● EXERCISE DIRECTIONS:
No pictures belong in the copy. Retype exactly, and only, the stretch of lines below from the one with "Coveri CW5197-N shopper" through the one with "經過2個多小時的應急處置、奔赴、安裝。給夜幕下的防疫檢查點,更加安全、明亮。".

● INPUT FOR THIS TASK:
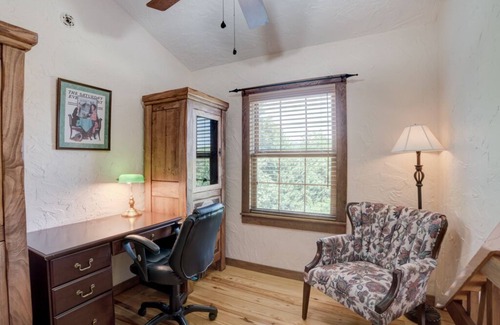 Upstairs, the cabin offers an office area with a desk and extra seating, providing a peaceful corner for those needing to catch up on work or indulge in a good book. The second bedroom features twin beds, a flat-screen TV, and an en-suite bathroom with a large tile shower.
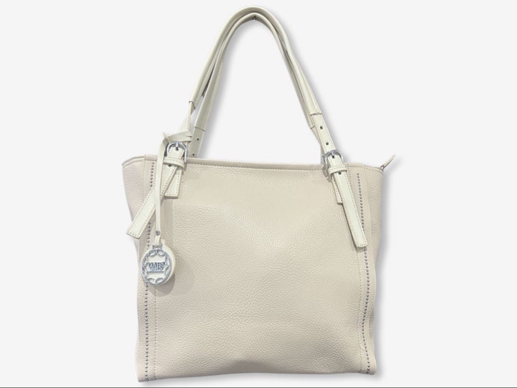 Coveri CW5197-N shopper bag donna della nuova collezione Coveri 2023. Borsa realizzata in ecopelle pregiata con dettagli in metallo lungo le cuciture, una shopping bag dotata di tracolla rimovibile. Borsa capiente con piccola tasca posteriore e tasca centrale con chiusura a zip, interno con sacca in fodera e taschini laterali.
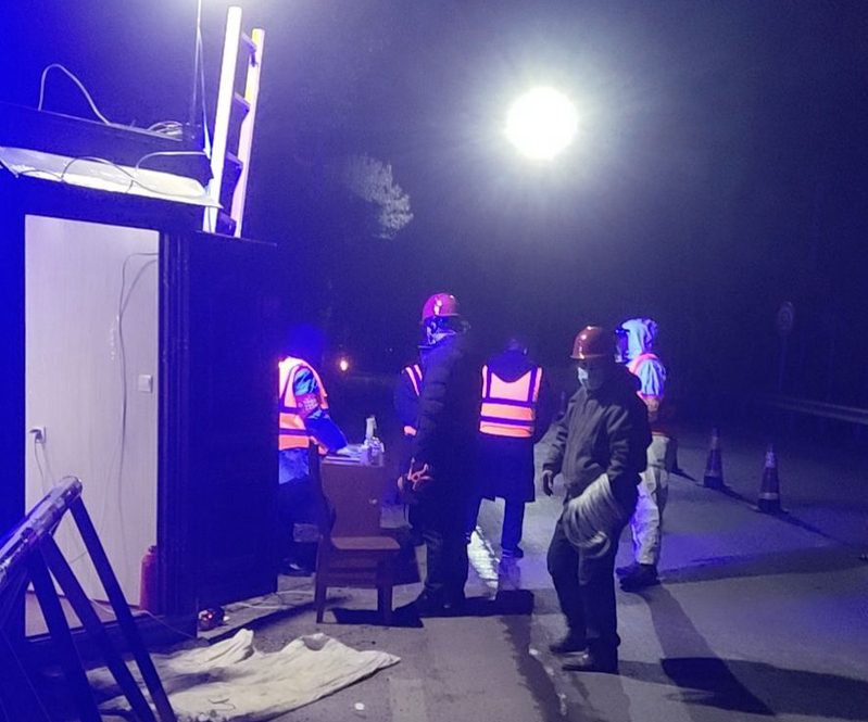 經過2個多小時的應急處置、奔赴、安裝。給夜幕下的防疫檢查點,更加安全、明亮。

==

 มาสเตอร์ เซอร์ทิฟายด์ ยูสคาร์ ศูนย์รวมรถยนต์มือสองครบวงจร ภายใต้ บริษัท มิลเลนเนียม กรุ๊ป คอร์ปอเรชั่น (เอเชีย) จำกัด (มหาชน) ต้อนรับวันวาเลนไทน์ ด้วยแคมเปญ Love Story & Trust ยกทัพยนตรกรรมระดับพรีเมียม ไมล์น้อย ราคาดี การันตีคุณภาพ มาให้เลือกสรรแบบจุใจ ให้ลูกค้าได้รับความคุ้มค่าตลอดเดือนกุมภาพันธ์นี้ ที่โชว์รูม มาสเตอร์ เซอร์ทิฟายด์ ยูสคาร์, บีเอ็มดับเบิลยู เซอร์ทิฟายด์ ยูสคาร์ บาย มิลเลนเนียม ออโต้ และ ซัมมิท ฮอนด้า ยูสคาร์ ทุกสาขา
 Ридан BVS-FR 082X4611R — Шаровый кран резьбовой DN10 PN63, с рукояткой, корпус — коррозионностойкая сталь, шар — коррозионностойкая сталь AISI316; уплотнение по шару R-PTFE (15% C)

● COMPLETED EXERCISE:
 Coveri CW5197-N shopper bag donna della nuova collezione Coveri 2023. Borsa realizzata in ecopelle pregiata con dettagli in metallo lungo le cuciture, una shopping bag dotata di tracolla rimovibile. Borsa capiente con piccola tasca posteriore e tasca centrale con chiusura a zip, interno con sacca in fodera e taschini laterali.
 經過2個多小時的應急處置、奔赴、安裝。給夜幕下的防疫檢查點,更加安全、明亮。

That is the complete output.